If you are doing something that is high tech and innovative, learn about SBIR grants. It is a great way to get seed capital for your venture.

 

What are top 3 pieces of advice for young physician regarding personal finance? 

Never buy a depreciating asset on credit. For example, if you are going to buy a car, pay cash.

If you can’t afford to pay cash for that car or other depreciating asset, then you should buy something cheaper.

Only purchase things on credit that you believe are going to become an appreciating asset.

Other than real estate and my own ventures, I only do index funds and bonds. I think if you’re trying to play and outperform the stock market, you are going to lose unless that is your job.  And if you’re focused on that, then you’re not going to be in a very good position to help society by advancing your knowledge and skills in medicine.

 

What are top 3 pieces of advice for work life balance? 

Well you should be passionate about your other activities and hobbies and interests.

If you’re not, then I think you’re missing out.

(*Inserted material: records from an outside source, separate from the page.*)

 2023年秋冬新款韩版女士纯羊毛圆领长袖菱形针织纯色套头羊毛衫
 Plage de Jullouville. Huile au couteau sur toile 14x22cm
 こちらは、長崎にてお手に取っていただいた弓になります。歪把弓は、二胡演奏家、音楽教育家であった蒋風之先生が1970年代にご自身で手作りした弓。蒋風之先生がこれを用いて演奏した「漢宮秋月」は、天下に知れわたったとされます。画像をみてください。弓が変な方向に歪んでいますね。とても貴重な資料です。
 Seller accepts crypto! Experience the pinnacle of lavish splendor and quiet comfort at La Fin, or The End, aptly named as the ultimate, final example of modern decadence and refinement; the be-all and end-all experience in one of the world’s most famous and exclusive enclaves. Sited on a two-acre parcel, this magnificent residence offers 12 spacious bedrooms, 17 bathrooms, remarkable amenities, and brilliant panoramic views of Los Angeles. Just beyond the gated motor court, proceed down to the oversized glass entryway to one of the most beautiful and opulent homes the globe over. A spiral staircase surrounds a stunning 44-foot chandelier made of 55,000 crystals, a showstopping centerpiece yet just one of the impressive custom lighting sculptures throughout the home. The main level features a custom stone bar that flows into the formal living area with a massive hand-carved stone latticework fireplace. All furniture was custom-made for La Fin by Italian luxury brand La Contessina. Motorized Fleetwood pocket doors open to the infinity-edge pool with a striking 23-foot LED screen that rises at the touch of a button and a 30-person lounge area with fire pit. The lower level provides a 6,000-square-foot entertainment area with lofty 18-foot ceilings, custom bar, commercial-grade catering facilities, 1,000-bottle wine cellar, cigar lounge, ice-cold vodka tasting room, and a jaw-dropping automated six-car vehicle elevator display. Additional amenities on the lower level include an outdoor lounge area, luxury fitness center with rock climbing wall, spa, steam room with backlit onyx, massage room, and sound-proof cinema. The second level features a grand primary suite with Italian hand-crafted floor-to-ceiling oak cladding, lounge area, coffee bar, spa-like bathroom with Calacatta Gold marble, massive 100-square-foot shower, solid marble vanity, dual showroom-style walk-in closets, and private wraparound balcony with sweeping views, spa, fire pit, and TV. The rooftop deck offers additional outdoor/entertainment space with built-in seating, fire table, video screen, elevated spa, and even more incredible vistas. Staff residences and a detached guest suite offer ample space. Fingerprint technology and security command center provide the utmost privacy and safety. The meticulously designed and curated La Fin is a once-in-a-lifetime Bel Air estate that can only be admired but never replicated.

If you’re passionate about the other things, then you have to be able to find time to do them.  Work should be fun but you should have lots of fun with the other things you love doing.

 

What are top 3 pieces of advice for parenting? 

I’ve been very fortunate to be married to the same woman for 36 years. I think it’d be very difficult to be a single parent. Your children are actually more important than your job.  So you have to keep the high-priority and try to work with your spouse together.